Tuberculosis bacteria hide from drugs by pausing growth in acid

Treating tuberculosis is complicated because Mycobacterium tuberculosis (Mtb) can change how it grows in response to conditions inside the body, helping it survive both immune attack and drug treatment. Researchers led by Bree B. Aldridge set out to understand those changes at the single-cell level, asking whether the whole bacterial population slows down or whether some cells take a different approach. Rather than finding a uniform slowdown, they discovered that Mtb responds to acidic environments by increasing the proportion of individual bacteria that enter a growth-arrested state. In other words, the population doesn’t all slow a little; more cells stop growing entirely. This shift was not a rare laboratory artifact: clinical strains showed higher numbers of these non-growing cells under both neutral and acidic conditions. The study reframes how we think about bacterial survival strategies during infection, moving from a picture of uniform stress response to one of deliberate diversification within the population.

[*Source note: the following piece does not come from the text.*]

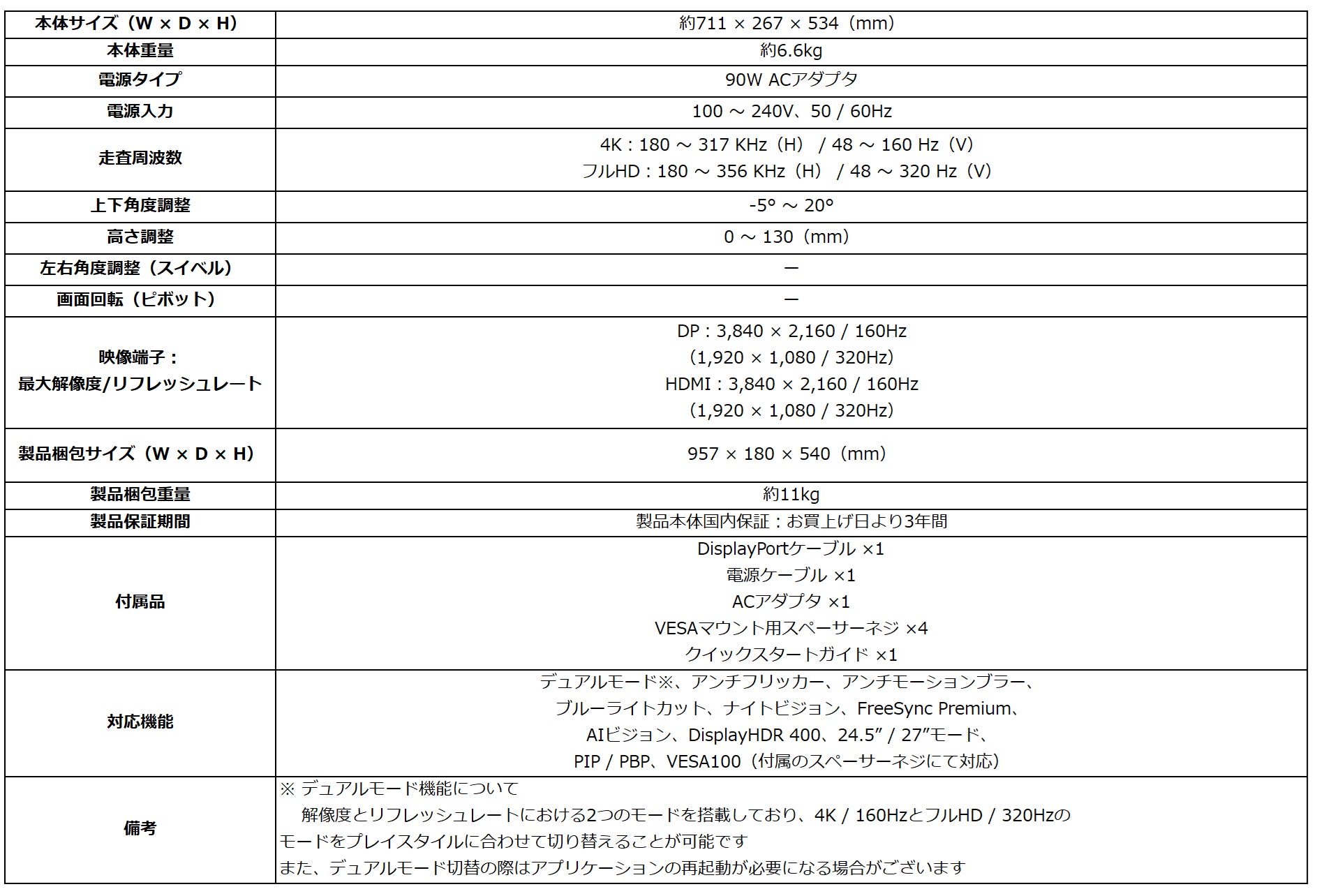 「MAG 321CUPDF」は4K / 160Hz・フルHD / 320Hzの2つのモードを素早く切り替え可能な「デュアルモード」を搭載し、高精細な映像を楽しむRPGやスピード重視のFPSなどプレイするゲームジャンルに応じて解像度・リフレッシュレートを臨機応変に切り替え可能です。肉眼に近い1,500Rの湾曲パネルと31.5インチの大画面の組み合わせにより、包み込まれるような高い没入感が特徴で、引き締まった黒を表現可能な高いコントラスト比と高速応答を実現したRAPID VAパネルを搭載し、高いゲーミングスペックかつ高画質と高い没入感を両立したゲーム体験を楽しめます。画面の表示領域を24.5インチ・27インチ相当の表示領域に切り替えるディスプレイサイズエミュレート機能、映像シーンに合わせて画面の明るさ・コントラスト・彩度を自動で調整するAIビジョン、リアルな映像表現が可能なDisplayHDR 400、同期機能としてFreeSync Premiumに対応し、思う存分ゲームプレイを楽しむことができます。また、モニターアームなどに取り付け可能なVESA規格にも対応しています。

To reveal these patterns, the team examined behavior at the single-cell level and compared responses between laboratory and clinical strains of Mtb exposed to acidic environments. Their key finding was that acid adaptation increases the proportion of bacteria in a growth-arrested state rather than simply reducing the growth rate across the board. Importantly, this non-growing subpopulation proved more tolerant to the drug ethambutol, demonstrating a clear link between growth arrest and treatment survival. The researchers also investigated genetic control of this state and found that the PhoPR two-component system contributes to regulating the non-growing subpopulation, but only partially: other transcriptional regulators are clearly involved. By showing that growth arrest is an active, regulated response and not just a passive consequence of stress, the study highlights specific biological players and conditions that matter for drug tolerance.

These results matter because they show a concrete way Mtb can survive drug exposure and immune stress by diversifying its population. Calling this behavior a bet-hedging strategy, the work suggests that some bacteria intentionally enter a protected, non-growing state to improve overall survival during infection. For clinicians and drug developers, the finding that non-growing cells are more tolerant to ethambutol and are actively regulated implies that effective therapies may need to account for subpopulations, not just average growth rates. It also points to the PhoPR two-component system and other, unidentified transcriptional regulators as potential targets for future research aimed at preventing growth arrest or sensitizing non-growing cells to drugs. Overall, the study argues that understanding and targeting these non-growing subpopulations could be essential for reducing treatment survival and improving tuberculosis outcomes.